**Task description**
In the listing below, a line holding "海天塑机再获海尔智家双项殊荣,30年战略合作引领智慧新高度" and a line holding "نوبت دوم, فراخوان" mark the range. Retype both exactly, with all lines between them.

**Records**
-*-*-
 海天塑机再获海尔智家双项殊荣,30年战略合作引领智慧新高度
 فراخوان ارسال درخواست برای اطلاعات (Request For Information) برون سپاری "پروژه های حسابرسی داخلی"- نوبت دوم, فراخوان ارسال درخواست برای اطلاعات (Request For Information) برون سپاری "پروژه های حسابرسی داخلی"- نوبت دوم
-*-*-
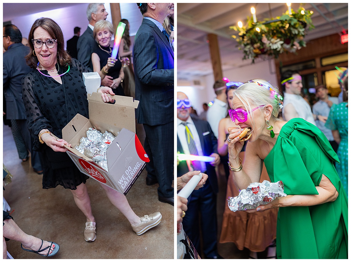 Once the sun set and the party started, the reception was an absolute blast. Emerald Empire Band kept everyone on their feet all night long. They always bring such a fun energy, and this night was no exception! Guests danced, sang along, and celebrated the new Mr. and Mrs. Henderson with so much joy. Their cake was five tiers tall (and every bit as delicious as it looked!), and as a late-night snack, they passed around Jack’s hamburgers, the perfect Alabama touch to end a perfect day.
-*-*-
**Answer box**
 海天塑机再获海尔智家双项殊荣,30年战略合作引领智慧新高度
 فراخوان ارسال درخواست برای اطلاعات (Request For Information) برون سپاری "پروژه های حسابرسی داخلی"- نوبت دوم, فراخوان ارسال درخواست برای اطلاعات (Request For Information) برون سپاری "پروژه های حسابرسی داخلی"- نوبت دوم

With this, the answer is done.